We will use the ResNet model presented in the 2015 paper Deep Residual Learning for Image Recognition.

The Python code is run in the virtual environment defined below.

python -m venv venv
pip install -U pip
pip install numpy pandas matplotlib seaborn ipykernel scikit-learn nbconvert
pip install torch torchvision torchinfo
import sys
print('Python version:', sys.version)
Python version: 3.7.15 (default, Oct 12 2022, 19:14:55) 
[GCC 7.5.0]
from collections import defaultdict
import torch
import torchvision
import torch.nn as nn
import numpy as np
import torch.nn.functional as F
from torchvision.datasets.utils import download_url
from torchvision.datasets import ImageFolder
from import DataLoader
from torchvision import transforms
from import random_split
from torchvision.utils import make_grid
import matplotlib.pyplot as plt
device = torch.device('cuda' if torch.cuda.is_available() else 'cpu')
print(f'Using device {device}.')
Using device cuda.

Let’s first load the original data without any transformation to see what the images are.

dataset_train = torchvision.datasets.CIFAR100(root='./dataset', train=True, download=True)
num_classes = len(dataset_train.classes)
print(f"Found {len(dataset_train)} entries and {num_classes} classes in the train dataset.")
dataset_test = torchvision.datasets.CIFAR100(root='./dataset', train=False, download=True)
print(f"Found {len(dataset_test)} entries and {len(dataset_test.classes)} classes in the test dataset.")
assert len(set(dataset_train.classes) - set(dataset_test.classes)) == 0
Downloading to ./dataset/cifar-100-python.tar.gz

  0%|          | 0/169001437 [00:00<?, ?it/s]

Extracting ./dataset/cifar-100-python.tar.gz to ./dataset
Found 50000 entries and 100 classes in the train dataset.
Files already downloaded and verified
Found 10000 entries and 100 classes in the test dataset.

The dataset is balanced, with each class having 500 training images and 100 test images.
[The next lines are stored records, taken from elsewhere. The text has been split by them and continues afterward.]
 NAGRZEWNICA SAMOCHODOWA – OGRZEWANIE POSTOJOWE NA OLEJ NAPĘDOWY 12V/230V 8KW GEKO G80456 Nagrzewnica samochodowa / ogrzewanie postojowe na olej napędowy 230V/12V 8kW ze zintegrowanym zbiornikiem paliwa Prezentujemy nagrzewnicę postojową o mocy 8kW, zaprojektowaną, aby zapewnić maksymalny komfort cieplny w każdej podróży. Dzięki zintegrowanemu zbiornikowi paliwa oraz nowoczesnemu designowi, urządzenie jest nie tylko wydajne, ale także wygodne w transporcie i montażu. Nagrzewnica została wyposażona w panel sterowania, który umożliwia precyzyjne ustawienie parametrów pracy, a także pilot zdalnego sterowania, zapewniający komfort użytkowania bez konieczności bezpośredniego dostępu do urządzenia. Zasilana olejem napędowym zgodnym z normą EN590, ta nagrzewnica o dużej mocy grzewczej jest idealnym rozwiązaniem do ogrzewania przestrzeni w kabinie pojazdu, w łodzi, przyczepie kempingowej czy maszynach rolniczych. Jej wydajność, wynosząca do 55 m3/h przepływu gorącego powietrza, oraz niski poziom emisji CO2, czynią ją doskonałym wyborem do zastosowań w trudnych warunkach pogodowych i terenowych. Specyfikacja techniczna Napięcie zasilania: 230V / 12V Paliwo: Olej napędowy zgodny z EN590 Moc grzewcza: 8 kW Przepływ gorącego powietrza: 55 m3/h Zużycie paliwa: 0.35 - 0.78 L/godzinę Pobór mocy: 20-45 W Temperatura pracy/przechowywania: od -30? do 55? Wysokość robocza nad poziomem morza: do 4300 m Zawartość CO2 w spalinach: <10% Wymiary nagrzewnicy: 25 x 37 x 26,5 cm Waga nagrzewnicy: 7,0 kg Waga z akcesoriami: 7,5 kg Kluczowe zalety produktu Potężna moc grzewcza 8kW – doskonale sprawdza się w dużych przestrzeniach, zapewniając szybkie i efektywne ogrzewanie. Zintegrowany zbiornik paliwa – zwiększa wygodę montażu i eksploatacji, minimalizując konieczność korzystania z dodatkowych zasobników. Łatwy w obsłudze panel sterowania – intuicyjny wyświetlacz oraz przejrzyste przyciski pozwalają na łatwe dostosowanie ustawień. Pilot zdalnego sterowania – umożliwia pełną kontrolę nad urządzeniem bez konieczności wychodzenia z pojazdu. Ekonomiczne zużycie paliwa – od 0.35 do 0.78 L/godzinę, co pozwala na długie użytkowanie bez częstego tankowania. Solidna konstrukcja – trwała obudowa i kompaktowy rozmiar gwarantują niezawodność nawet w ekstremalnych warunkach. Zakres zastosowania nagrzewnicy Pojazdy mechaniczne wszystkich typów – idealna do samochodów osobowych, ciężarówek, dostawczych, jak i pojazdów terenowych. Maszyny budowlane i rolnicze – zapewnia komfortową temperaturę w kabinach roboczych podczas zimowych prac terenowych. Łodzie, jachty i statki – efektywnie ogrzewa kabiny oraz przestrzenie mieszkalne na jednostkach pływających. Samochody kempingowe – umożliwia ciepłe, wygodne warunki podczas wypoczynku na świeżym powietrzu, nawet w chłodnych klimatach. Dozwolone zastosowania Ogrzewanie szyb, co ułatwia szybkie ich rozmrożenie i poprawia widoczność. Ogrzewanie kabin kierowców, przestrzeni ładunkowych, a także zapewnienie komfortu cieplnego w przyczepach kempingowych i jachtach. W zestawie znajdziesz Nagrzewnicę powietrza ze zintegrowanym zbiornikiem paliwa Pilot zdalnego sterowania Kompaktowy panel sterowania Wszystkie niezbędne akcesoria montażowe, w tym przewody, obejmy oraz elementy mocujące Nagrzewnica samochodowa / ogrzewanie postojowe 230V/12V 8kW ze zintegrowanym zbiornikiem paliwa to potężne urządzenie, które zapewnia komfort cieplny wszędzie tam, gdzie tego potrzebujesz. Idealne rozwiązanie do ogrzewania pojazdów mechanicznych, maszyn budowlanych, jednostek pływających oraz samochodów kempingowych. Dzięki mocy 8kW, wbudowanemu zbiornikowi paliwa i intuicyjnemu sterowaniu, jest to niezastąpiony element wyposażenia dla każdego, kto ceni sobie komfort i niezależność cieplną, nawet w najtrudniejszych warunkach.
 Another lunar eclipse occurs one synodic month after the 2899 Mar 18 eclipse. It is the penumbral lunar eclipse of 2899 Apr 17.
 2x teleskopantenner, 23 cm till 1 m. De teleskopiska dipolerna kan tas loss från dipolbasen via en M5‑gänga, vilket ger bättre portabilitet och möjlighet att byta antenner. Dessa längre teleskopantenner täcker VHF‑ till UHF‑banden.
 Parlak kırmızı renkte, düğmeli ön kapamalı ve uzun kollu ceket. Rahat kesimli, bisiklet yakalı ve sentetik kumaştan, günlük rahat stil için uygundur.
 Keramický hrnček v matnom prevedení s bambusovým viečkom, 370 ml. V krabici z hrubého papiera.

This is true for both the fine and the coarse classes.

num_items_per_class = {k: [0, 0] for k in dataset_train.classes}

for item in dataset_train:
    label = dataset_train.classes[item[1]]
    num_items_per_class[label][0] += 1

for item in dataset_test:
    label = dataset_test.classes[item[1]]
    num_items_per_class[label][1] += 1

import pandas as pd
0 1
apple 500 100
aquarium_fish 500 100
baby 500 100
bear 500 100
beaver 500 100
... ... ...
whale 500 100
willow_tree 500 100
wolf 500 100
woman 500 100
worm 500 100

100 rows × 2 columns

We plot a few of the training and test datasets. The images are quite small and it is not always easy to understand the category. From the (small) sample there is no difference between training and test images.

n = 5
fig, axes = plt.subplots(nrows=n, ncols=2 * n, figsize=(10, 5))
for i in range(n):
    for j in range(2 * n):
        img, cat = dataset_train[i + 2 * n * j]
        axes[i][j].set_title(dataset_train.classes[cat], fontsize=10)


n = 5
fig, axes = plt.subplots(nrows=n, ncols=2 * n, figsize=(10, 5))
for i in range(n):
    for j in range(2 * n):
        img, cat = dataset_train[i + 2 * n * j]
        axes[i][j].set_title(dataset_test.classes[cat], fontsize=10)
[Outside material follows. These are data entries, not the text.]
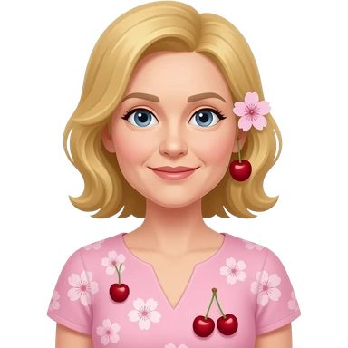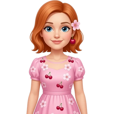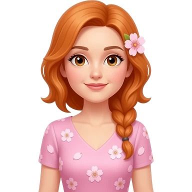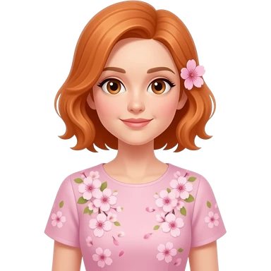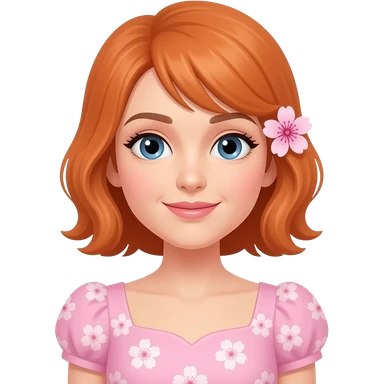 una señora de 38 años con un bestido de color rosado claro y que tenga sakuras en su bestido y una en su oreja5 y que tenga pelo amaranjado y que mire sin una sonrisa y que tenga ojos del tiempo emoji
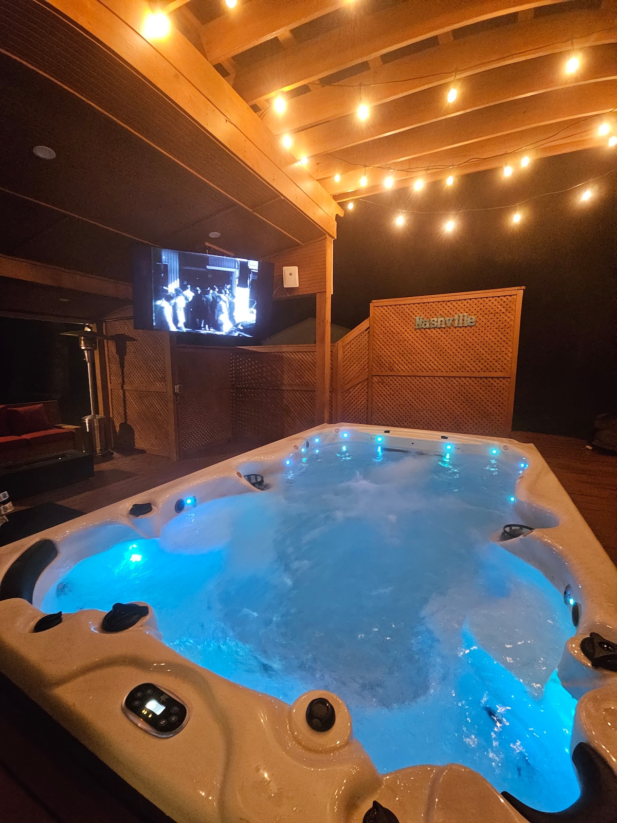 Peace and calm in a quiet valley less than 20-25 minutes from Nashville. Included in your stay is access to an enormous hot tub with a large TV for watching movies, 2 large patios and a BBQ grill. High ceilings and beautiful open spaces. Enjoy movies while relaxing in the hot tub under the pergola and stars. 1 King bed and 1 Queen bed on the 2nd floor, 2 Queen beds on the 1st floor. 2 Bathrooms upstairs, 1 Bathroom downstairs. Please note, parties are NOT ALLOWED quiet hours 10pm-8am
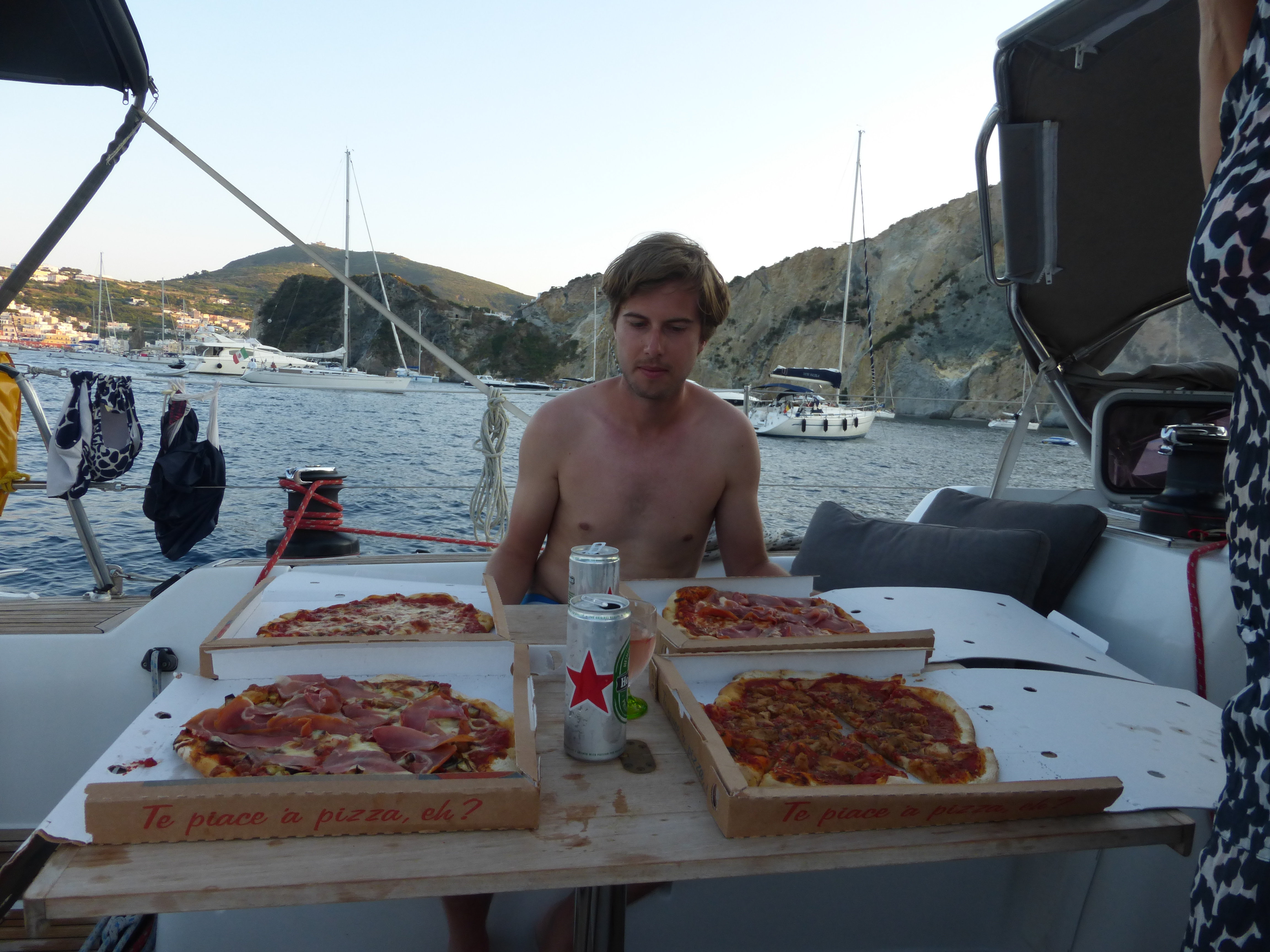 Om 17:00 uur valt de wind helemaal weg en we varen dus op de motor de nacht in. Wind komt er niet meer ’s nachts, evenals wolken of maan: een prachtige sterrenhemel dus! Ook ’s nachts blijven de dolfijnen langskomen, samen met een mooie sterrenhemel met zichtbare melkweg en een aantal vallende sterren is zo’n nachtje doorvaren zeker geen straf. Het is in totaal 156 mijl tot Ponza, een eiland voor de golf van Napels. We ankeren om 11 uur in de ochtend als derde boot in de baai buiten het stadje en rollen alle kanten op door continue passerende veer- vissersbootjes. Lang kunnen we niet genieten van de ruimte die er verder in de baai is: de hele middag en avond komen er binnen no time na elkaar andere boten aan. In de avond liggen er meer dan honderd boten (schatting) om ons heen en is de zee gelukkig rustig geworden. We halen pizza’s in het dorp (15 minuten varen met de “annexe”). Heerlijk vers voor je neus klaargemaakt. We maken een boerennacht.

It is good practice to normalize the data. We do this using the training dataset only.

sums = []
for img, _ in dataset_train:
    sums.append((transforms.ToTensor()(img).sum((1, 2)) / 32 / 32).tolist())
sums = np.array(sums)

We are ready to define the transformations to be applied to the training and validation datsets. For the former we use random crop and a random horizontal flip, followed by a transformation to tensor and normalization; for the latter we skip the randomness and only apply the transformation to tensor and the normalization. We then reload the datasets with the proper transformations.

stats = sums.mean(axis=0).tolist(), sums.std(axis=0).tolist()

transform_train = transforms.Compose([
    transforms.RandomCrop(32, padding=4, padding_mode='reflect'), 

transform_test = transforms.Compose([
dataset_train = torchvision.datasets.CIFAR100(root='./dataset', train=True, download=False, transform=transform_train)
dataset_test = torchvision.datasets.CIFAR100(root='./dataset', train=False, download=False, transform=transform_test)

We will load the data using a batch size of 256. Because of the normalization, the images look strange to us.

batch_size = 256
dataloader_train = DataLoader(dataset_train, batch_size, shuffle=True, pin_memory=True)
dataloader_test = DataLoader(dataset_test, batch_size, pin_memory=True)
for images, _ in dataloader_train:
    fig, ax = plt.subplots(figsize=(10, 10))
    ax.set_xticks([]); ax.set_yticks([])
    ax.imshow(make_grid(images[:100].clip(0.0, 1.0), nrow=10).permute(1, 2, 0))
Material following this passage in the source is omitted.